St Mary's Church is the civic church of Bury St Edmunds in Suffolk, England and is one of the largest parish churches in England. It claims to have the second longest nave (after Christchurch Priory), and what is believed to be the largest west window of any parish church in the country. It was part of the abbey complex and originally was one of three large churches in the town (the others being St James, now St Edmundsbury Cathedral, and St Margaret's, now gone). The official full name of the church is The Church of the Assumption of the Blessed Virgin Mary.
==History==

The present church is not the first building to stand on the site, the first being built in the seventh century, founded by King Sigeberht. The second church was built in the early twelfth century by Abbot Anselm to replace the previous church of St Mary which was demolished to make space for the construction of the south wing of the Abbey Church. However, nothing survives of the Norman church and the oldest part of the existing building is the decorated chancel (c. 1290). There was a major renovation between the 14th and 16th centuries and it is at this point that the nave, its aisles and the tower were built. It is also at this time that Mary Tudor, Queen of France, favourite sister of Henry VIII (not to be confused with his daughter Mary I of England), died and was buried in the abbey church. When the abbey was destroyed, her body was removed and reburied here in St Mary's. Her tomb is in the sanctuary directly to the north of the Lord's table. The church, however, is dedicated to Mary, the mother of Jesus, and not, as some mistakenly believe, to Mary Tudor. A tablet was erected to her memory in 1758. At the suggestion of Edward VII, who visited the church in 1904, a marble kerb surrounds her grave stone.

During the 16th century, John Notyngham and Jankyn Smyth, two wealthy local benefactors, bequeathed large amounts of money to the church.

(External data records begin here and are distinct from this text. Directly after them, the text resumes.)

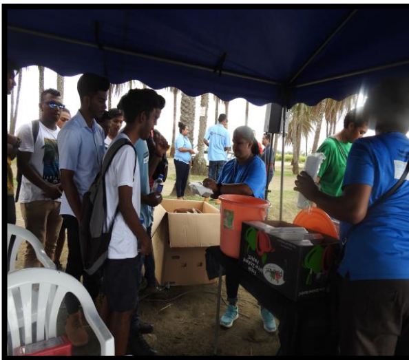
Figure 30: Students of TCF receiving their lunch packs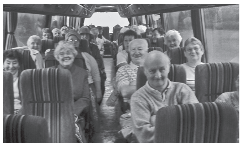
The pilgrimage to Our Lady of Walsingham starts on a wet morning in Lanchester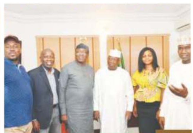
NGF staff at the hand over ceremony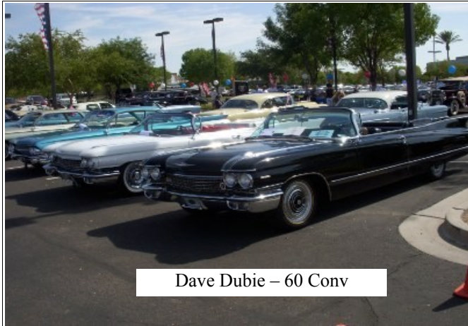
Dave Dubie – 60 Conv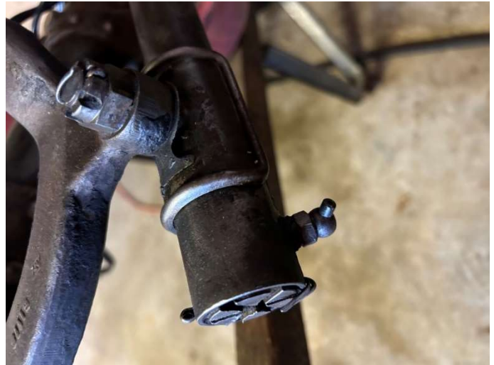
Caption: Tie rod assembly.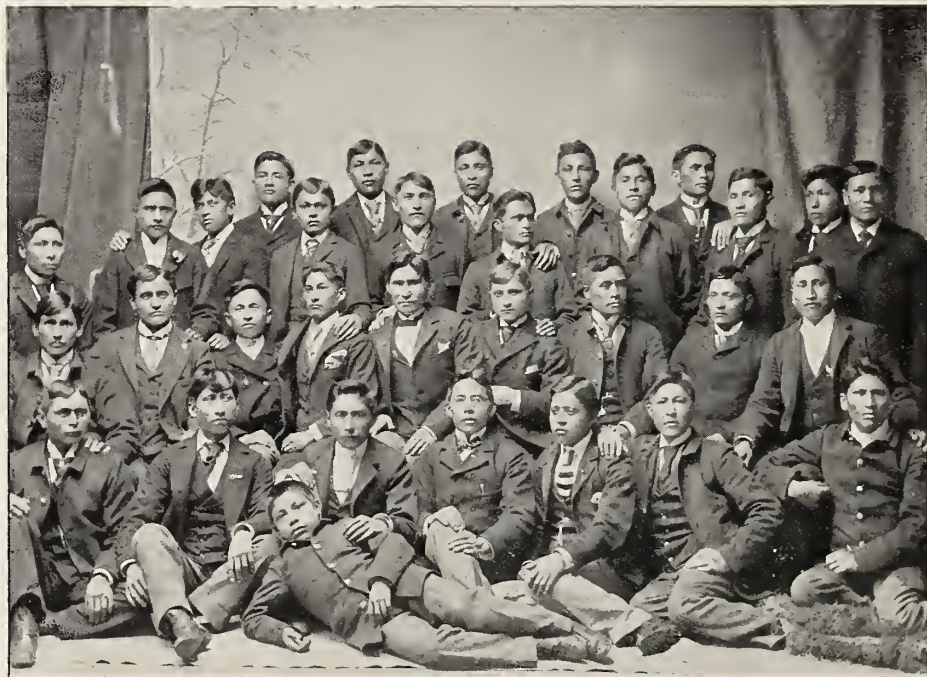
GROUP OF APACHES.

Of all the Indians Carlisle has undertaken, no tribe presented a more hopeless outlook than the Apaches from Arizona, who have long held a most unenviable reputation as the outlaws and the Ishmaelites of the Indians. Carlisle's experience with the Apaches is that they are as susceptible as others of civilization. They are unusually active and valuable as workers.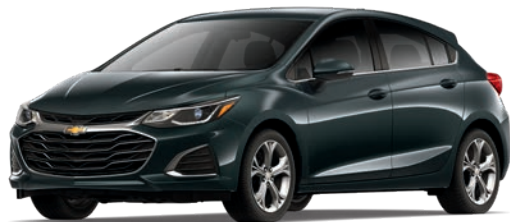
NIGHTFALL GRAY METALLIC 4,5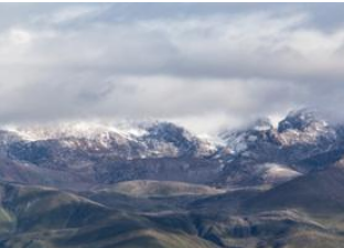
Bishkek 🚗 30km - ⌚ 40m Manas airport Departure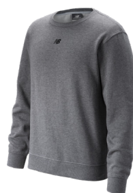
MGH Grey Heather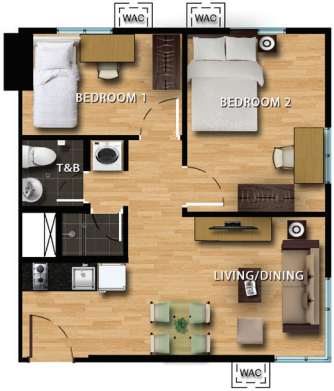
2-Bedroom Unit Approx. 47 sq.m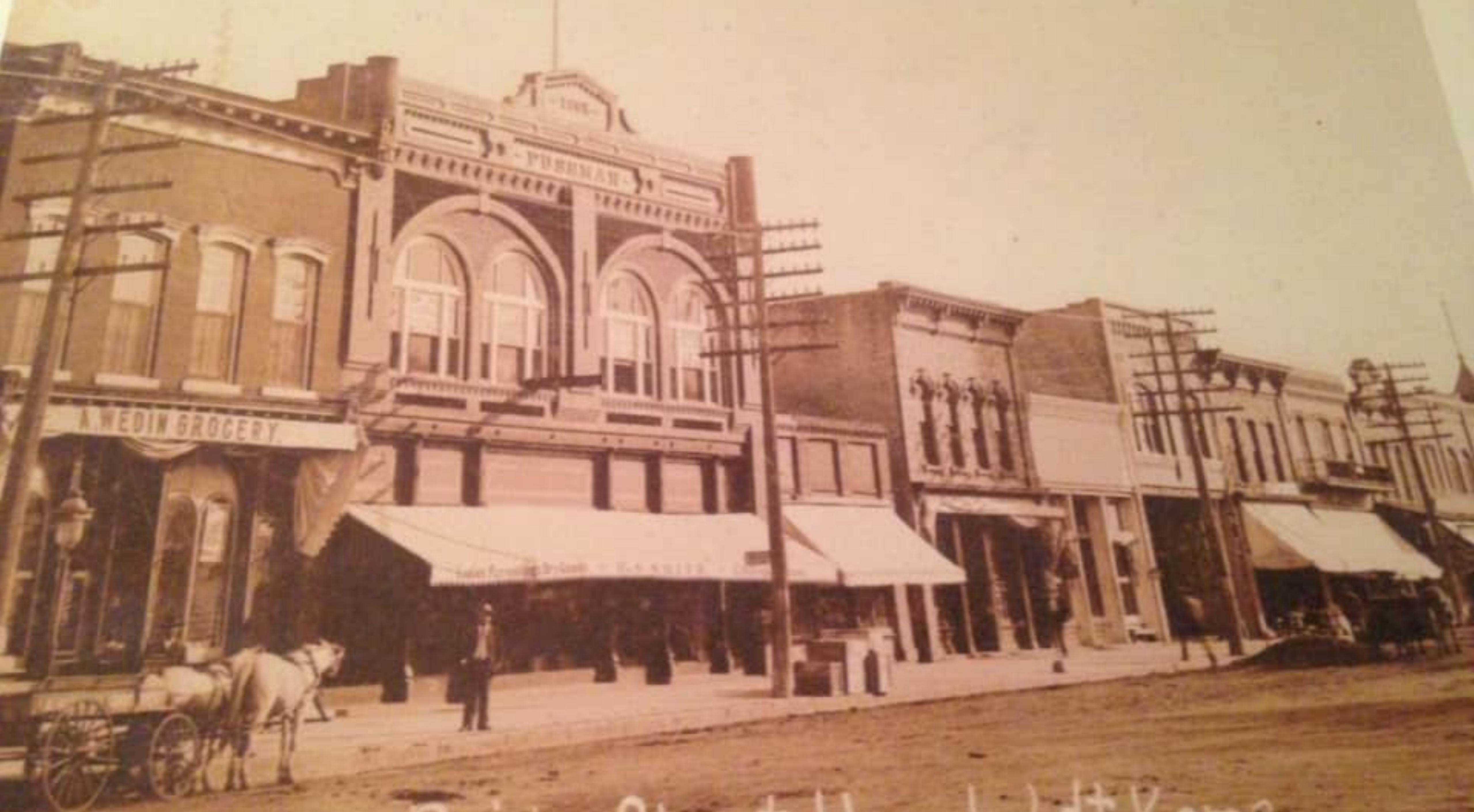
100 - B. 1st Street Humboldt Kansas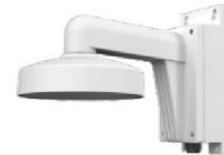
LX-1273ZJ-135B Wall Mount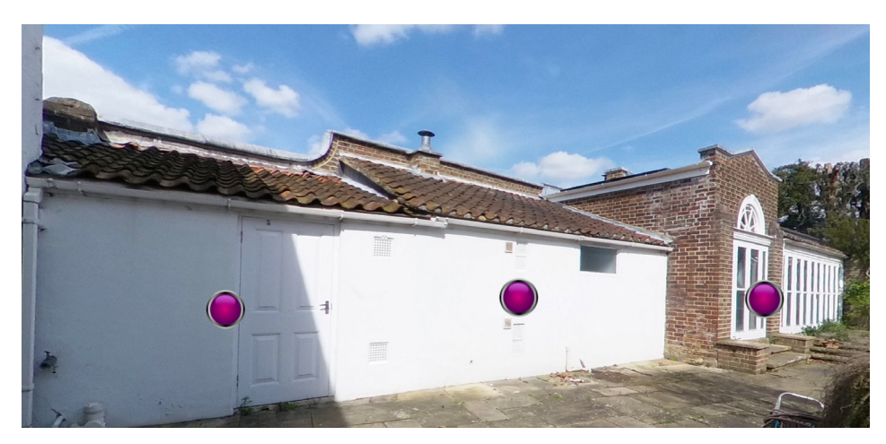
View of plant room roof from courtyard

The existing tiled roof is to be replaced with a new zinc clad roof which extends out beyond the plant room to form a new loggia around the courtyard.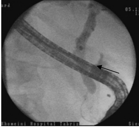
Figure 2. Endoscopic retrograde cholangiopancreatography imaging window showing a foreign body (black arrow) in the CBD before sphincterotomy

Foreign bodies in the biliary tree are rare causes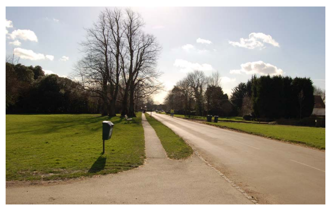
Sector 6b Verges bordering Crow Street

this sector would be highly damaging and significantly diminish the sense of place and local distinctiveness of the settlement.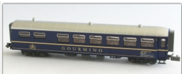
KT-011.1N: WR3811, Speisewagen „Gourmino“, mit beleuchteten Tischlampen, Kato-Modell für Spur N (9mm)

Kato delights model railroaders with a wonderful new design in the form of this dining car, which - in contrast to the usual color scheme of the Rhaetian Railway - is kept in dark blue. The fine engraving of the rivets is just as well done as the "inner" values. The model is equipped as standard with a lighting system for the indicated table lamps.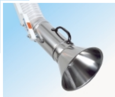
Stainless steel suction nozzle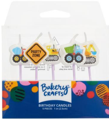
#28754 Construction Shaped Candles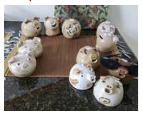
The Pigs are out and ready at Louis Pohl Gallery

The first Chinese arrived in Hawaii via fur trading ships returning from the West Coast of America. The year was 1788. Many were carpenters and smiths. They set up business and stayed. More craftsmen arrived in 1823, bringing the first sugar mill. Plantation owners recruited many more and Chinatown was born. Hawaii had celebrations and one more was welcomed – Chinese New Year. The lunar new year dates back to 2,600 B.C. when the Emperor Huang Ti introduced the first cycle of the Chinese Zodiac.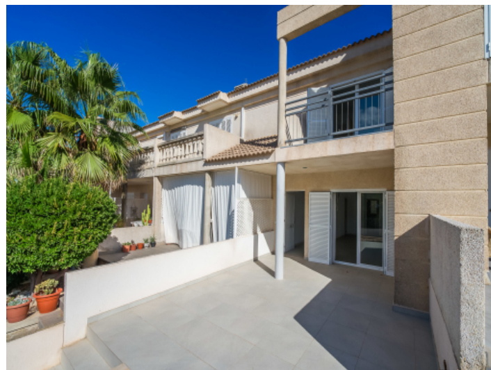
Front terrace and access to the house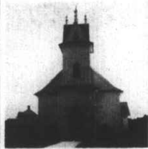
Present building ... F.W.B. Church at Davis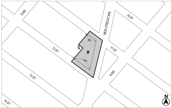
Mandatory Inclusionary Housing Program Area see Section 23-154(d)(3) Area # — [date of adoption] MIH Program Option 1 and Option 2

Portion of Community District 11, Brooklyn ***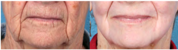
FIGURE 4 A, Full-face helium plasma dermal resurfacing. B, Perioral close-up. Left, before treatment. Right, 6 months after prophylactic lower eyelid lateral canthoplasty and full-face helium plasma dermal resurfacing. Treatment parameters for first pass included full-face treatment to mandibular line inferiorly with 50% power, 4 L/min helium gas flow, and 60 ms on and 20 ms off pulsing. After wiping away desiccated surface tissue, a second pass (50% power, 4 L/min helium gas flow, and 80 ms on and 20 ms off pulsing) was made over the cheeks and perioral areas. Notice (1) improvement of dyschromia over forehead, cheeks, and nose; (2) improvement of lip lines; and (3) significant skin tissue contraction and remodeling over cheeks and perioral area as well as along jawline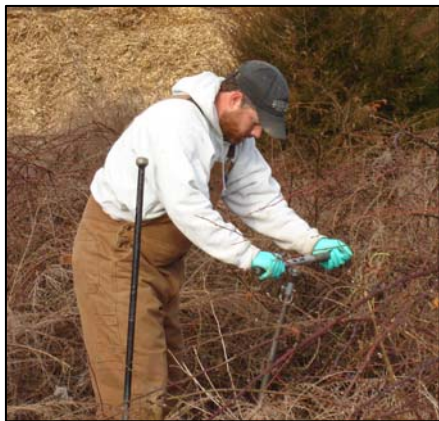
The Science Team collected over 1,200 samples from the South River floodplain.

Mercury in fish in the South River and South Fork Shenandoah River has been investigated since its discovery in the 1970s. Soon after, fish consumption advisories for the rivers were instituted. Although human exposure has always been a focus of the mercury investigations, the Science Team formed a dedicated work group to systematically identify, study, and communicate potential risks and uncertainties associated with human exposure to mercury. The Exposure Task Team consists of representatives from the Virginia Department of Environmental Quality, the U.S. Environmental Protection Agency, the Virginia Department of Health (VDH), the Virginia Department of Game and Inland Fisheries, the Virginia Department of Agriculture and Consumer Services, and DuPont.

These funds contributed to building the north and south quire aisles, now the Lady Chapel and Royal Anglian (formerly Suffolk Regimental) chapel, two chantry chapels and a north and south porch. The north porch, known as the Notyngham porch, was built in 1437 in accordance with the will of John Notyngham. The south porch of 1523 was removed during a restoration in 1831. St Wolstan's chapel, on the north-west side, formerly held the Suffolk Regimental cenotaph until it was moved to the end of the north aisle. It now holds the church kitchen.

The west window is believed to be the largest of any parish church in the country, measuring 35 feet 6 in by 8 feet 6 in.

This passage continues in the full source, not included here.